Solving EKS Fargate Logging: A Loki-Based Approach for Serverless Kubernetes
In early 2020, AWS EKS Fargate was gaining adoption for serverless Kubernetes workloads, but it came with a significant limitation: traditional logging approaches didn’t work. Without access to host-level log files and before AWS Firelens support was available, getting logs out of Fargate pods was challenging. This post details the lightweight solution I built using Grafana Loki.
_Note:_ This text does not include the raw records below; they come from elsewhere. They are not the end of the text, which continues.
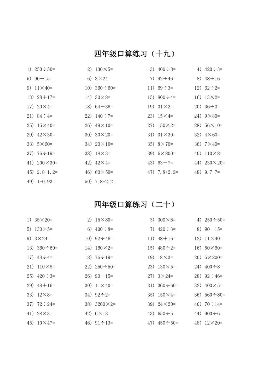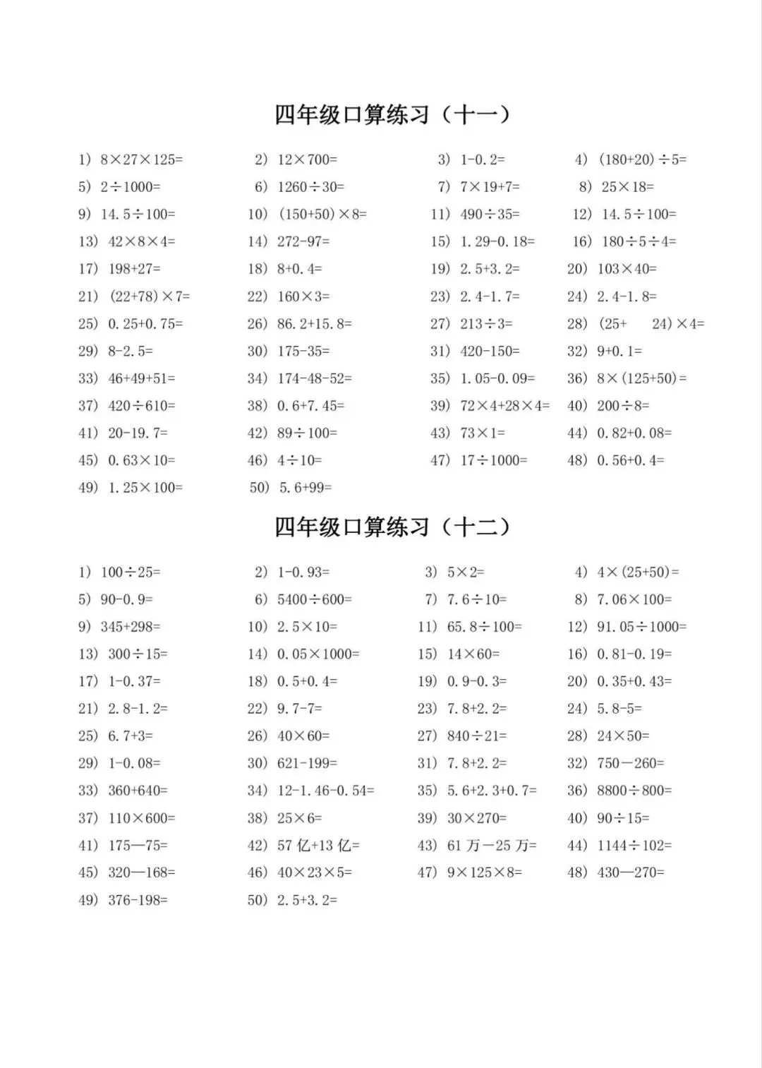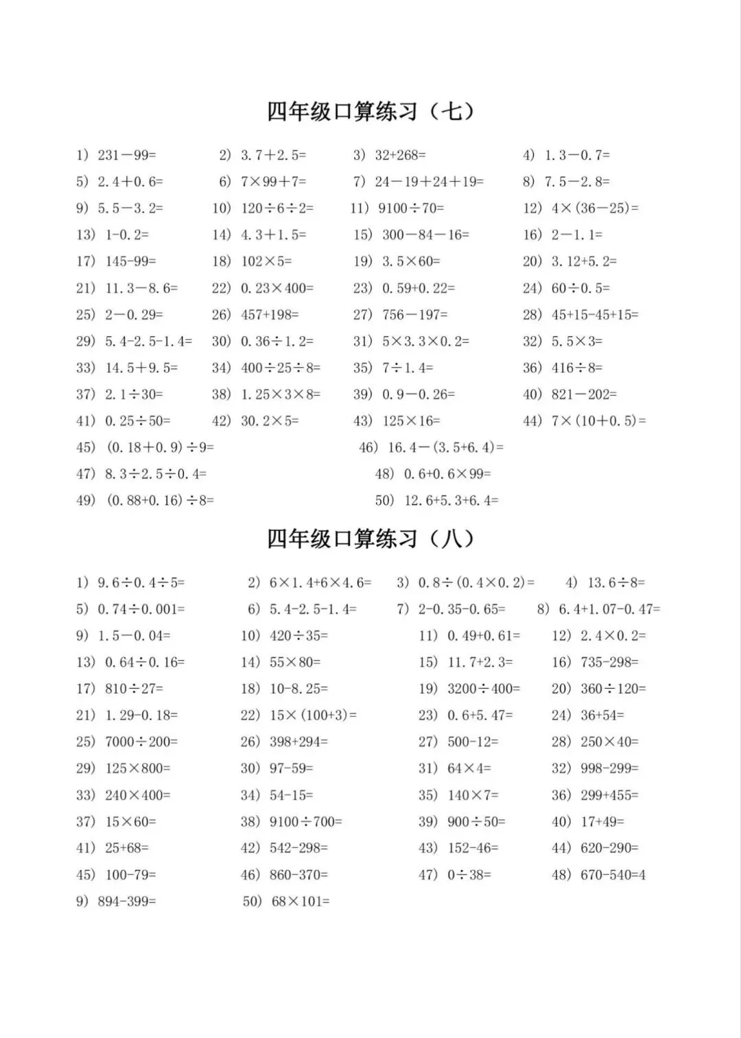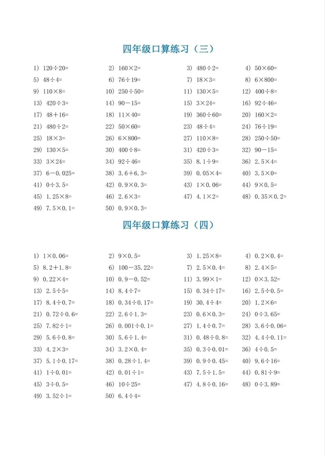 四年级下册数学口算练习题每日一练(共3000道),这份四下数学口算专项练习题,包含了小数运算、加减乘除等题型,让孩子坚持每天练一练,能够提高孩子的数学计算和口算能力,更加熟练地掌握运算规则。需要的家长抓紧打印出来,让孩子练一练吧。
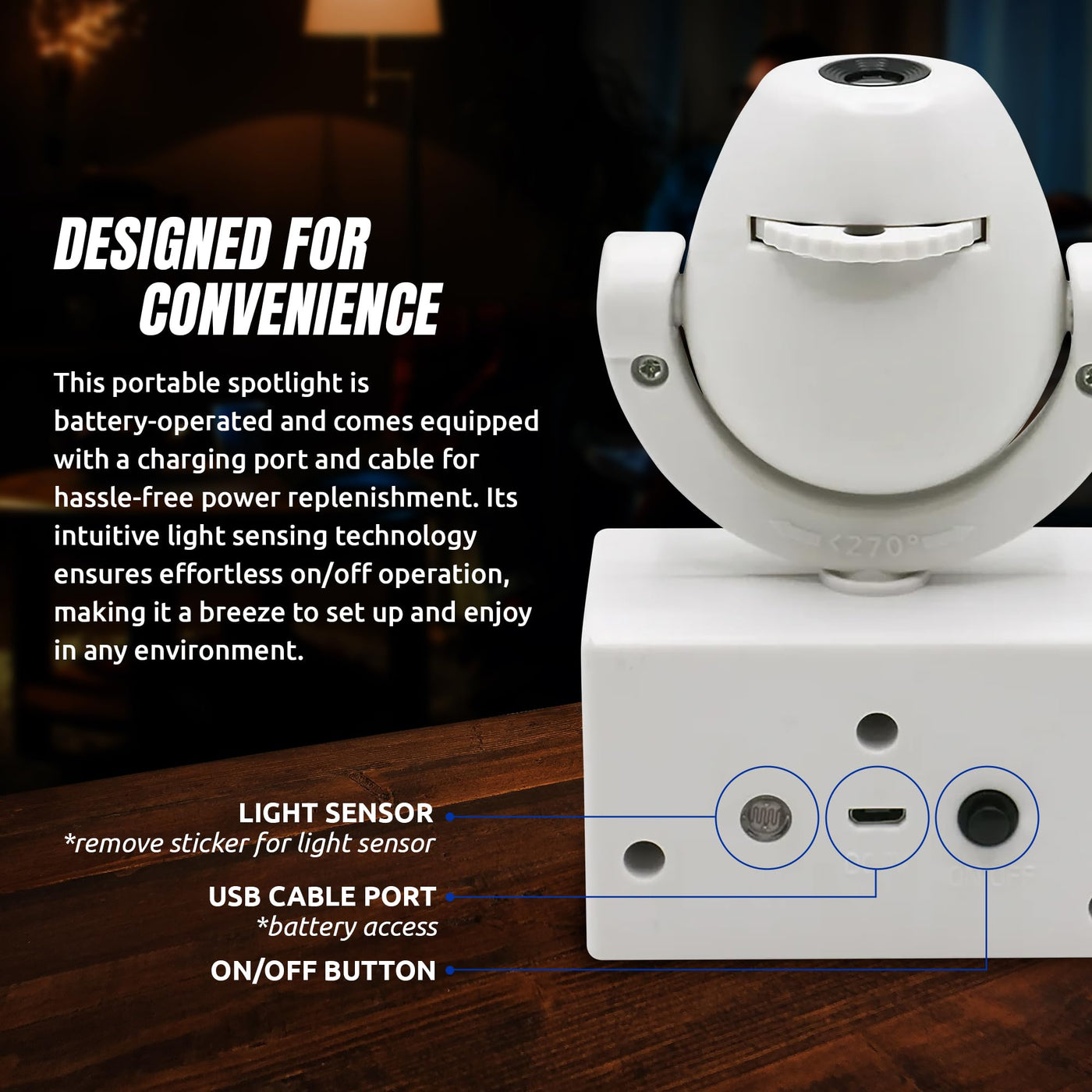 - **Portable and Versatile**: Battery-operated with an included mini USB port for charging, this projector is perfect for indoor and outdoor use, whether it's your fan cave, dorm room, or backyard gatherings.
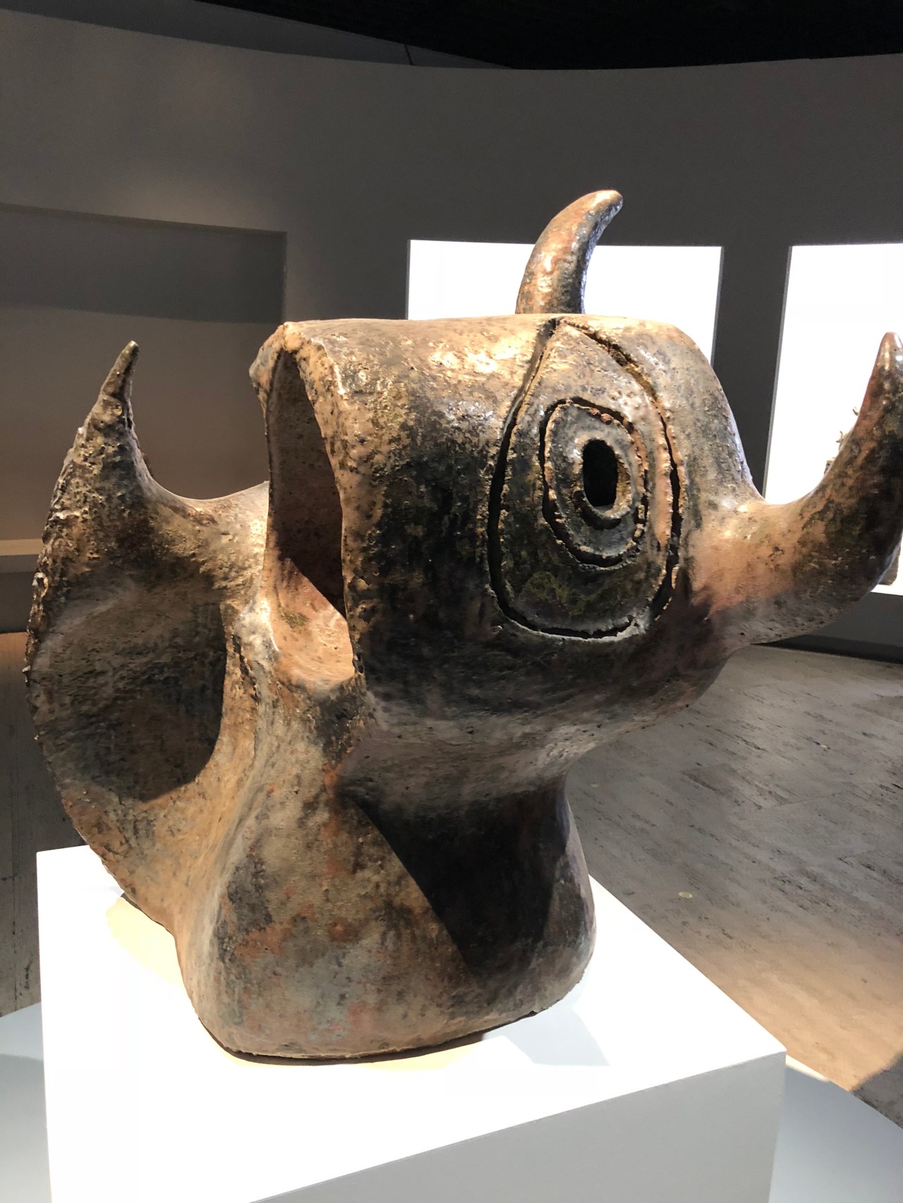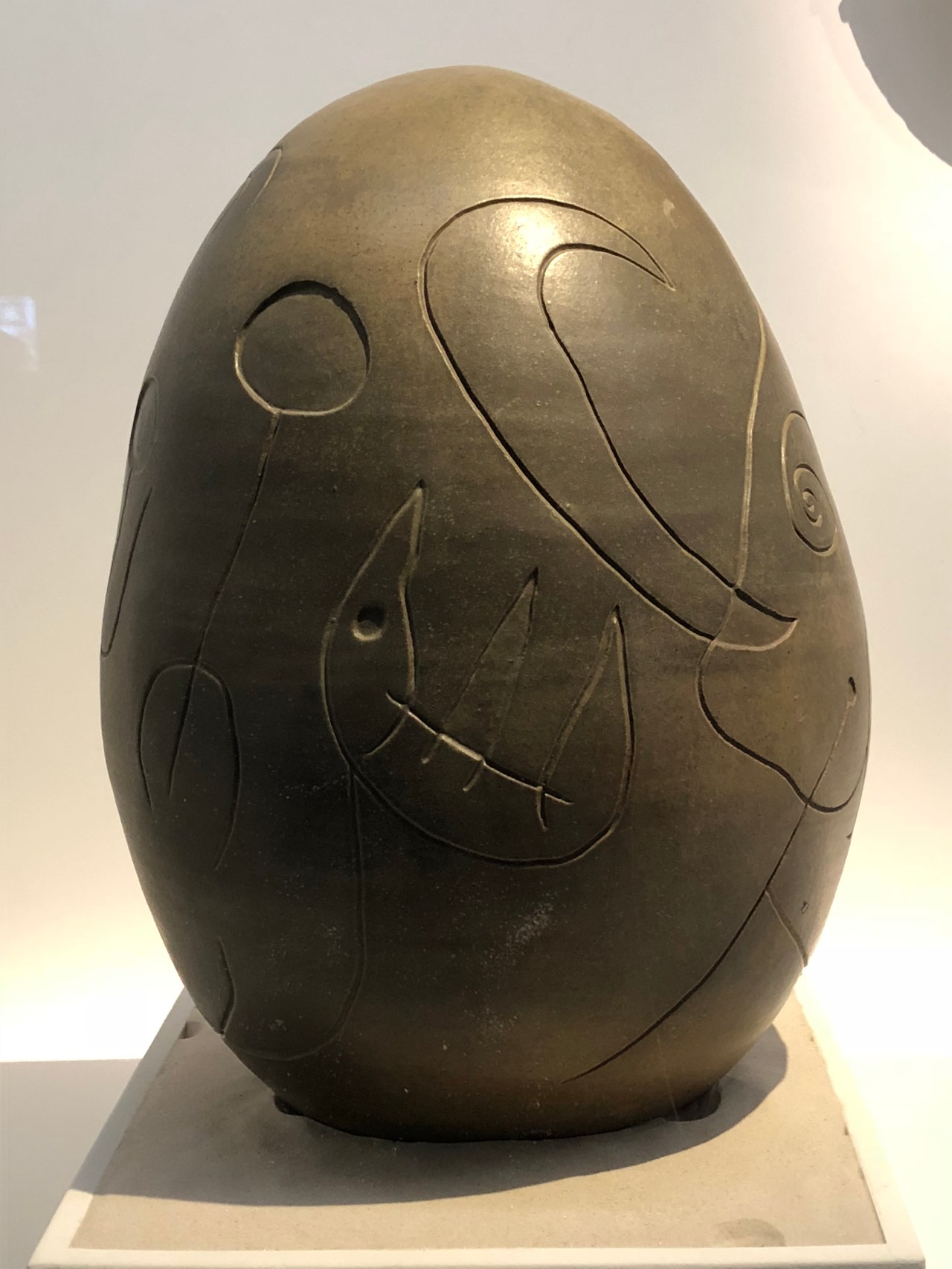 Et cet œuf en terre cuite avec les dessins à la Miro si typique et qui donne envie de rêver de lune, de soleil ; et cette céramique en forme de taureau avec un seul œil et deux cornes parallèles sur le côté. Un monde fantastique qui vous emporte dans des rêves d’enfant.

The EKS Fargate Logging Challenge
Traditional Kubernetes Logging Approaches
In standard Kubernetes deployments, you typically have several logging options:
- Node-level logging agents (like Fluentd/Fluent Bit) reading from
/var/log
- Sidecar containers with shared volumes
- Direct application logging to external systems
Fargate’s Limitations
EKS Fargate introduced constraints that broke these patterns:
- No Host Access: Fargate pods run in isolated environments without access to host-level log directories
- No Persistent Storage: Limited volume mounting options
- No Node Agents: Can’t run DaemonSets for log collection
- Immutable Infrastructure: Pods are ephemeral with no persistent logging infrastructure
The Missing Piece
As of February 2020, AWS Firelens (the now-standard solution) wasn’t supported on EKS Fargate. The AWS containers roadmap showed it was planned, but teams needed logging solutions immediately.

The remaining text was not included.